### Your assignment
Please transcribe every entry below exactly, without including the pictures.

### Dataset items
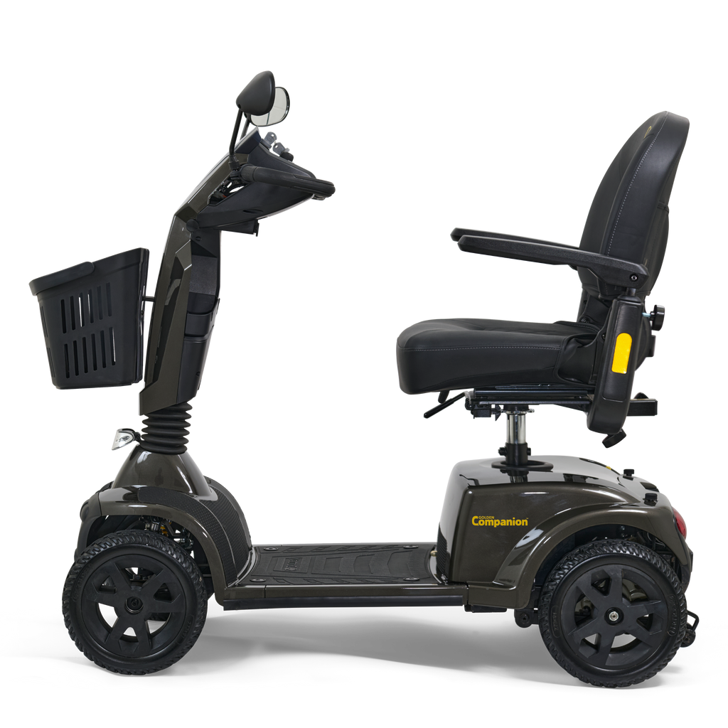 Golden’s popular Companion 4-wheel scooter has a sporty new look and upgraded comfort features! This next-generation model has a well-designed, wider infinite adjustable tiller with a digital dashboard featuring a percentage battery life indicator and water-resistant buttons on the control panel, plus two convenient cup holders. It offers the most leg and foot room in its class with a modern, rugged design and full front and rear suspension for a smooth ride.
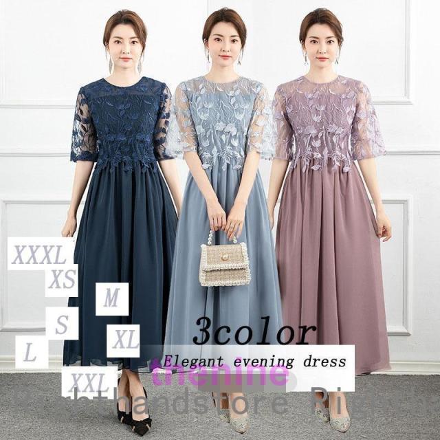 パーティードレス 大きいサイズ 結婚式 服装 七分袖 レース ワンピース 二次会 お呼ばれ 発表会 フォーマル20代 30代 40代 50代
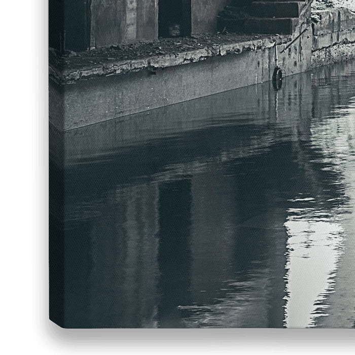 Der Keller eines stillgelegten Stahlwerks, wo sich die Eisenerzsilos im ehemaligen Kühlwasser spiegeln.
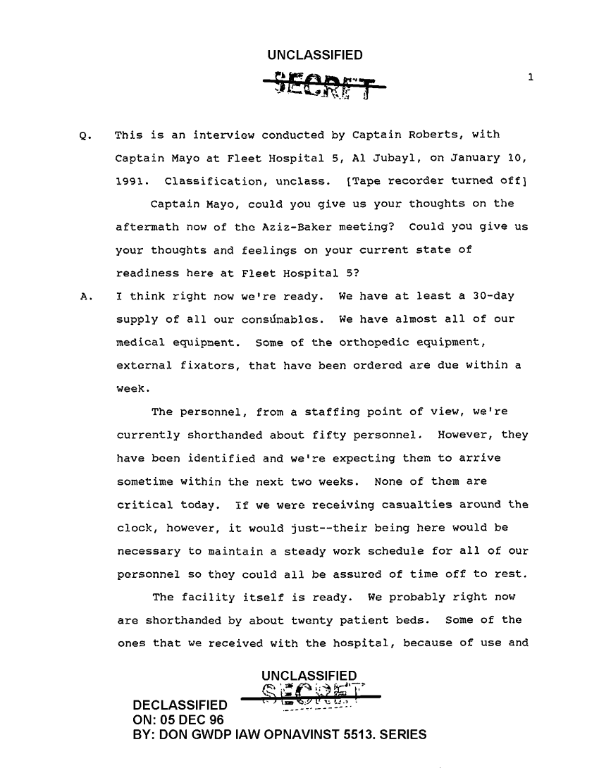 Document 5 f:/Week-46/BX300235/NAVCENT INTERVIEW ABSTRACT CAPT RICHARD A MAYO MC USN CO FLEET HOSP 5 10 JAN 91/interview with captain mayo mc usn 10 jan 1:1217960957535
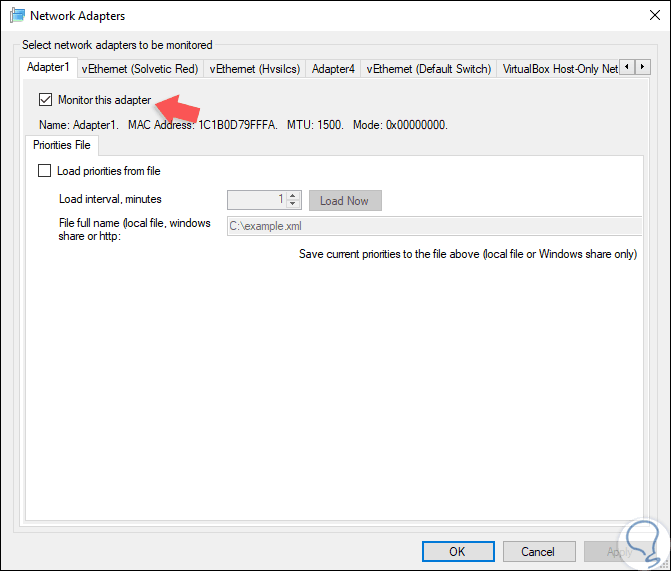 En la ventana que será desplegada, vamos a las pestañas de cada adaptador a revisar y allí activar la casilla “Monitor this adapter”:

### The answer
 Golden’s popular Companion 4-wheel scooter has a sporty new look and upgraded comfort features! This next-generation model has a well-designed, wider infinite adjustable tiller with a digital dashboard featuring a percentage battery life indicator and water-resistant buttons on the control panel, plus two convenient cup holders. It offers the most leg and foot room in its class with a modern, rugged design and full front and rear suspension for a smooth ride.
 パーティードレス 大きいサイズ 結婚式 服装 七分袖 レース ワンピース 二次会 お呼ばれ 発表会 フォーマル20代 30代 40代 50代
 Der Keller eines stillgelegten Stahlwerks, wo sich die Eisenerzsilos im ehemaligen Kühlwasser spiegeln.
 Document 5 f:/Week-46/BX300235/NAVCENT INTERVIEW ABSTRACT CAPT RICHARD A MAYO MC USN CO FLEET HOSP 5 10 JAN 91/interview with captain mayo mc usn 10 jan 1:1217960957535
 En la ventana que será desplegada, vamos a las pestañas de cada adaptador a revisar y allí activar la casilla “Monitor this adapter”:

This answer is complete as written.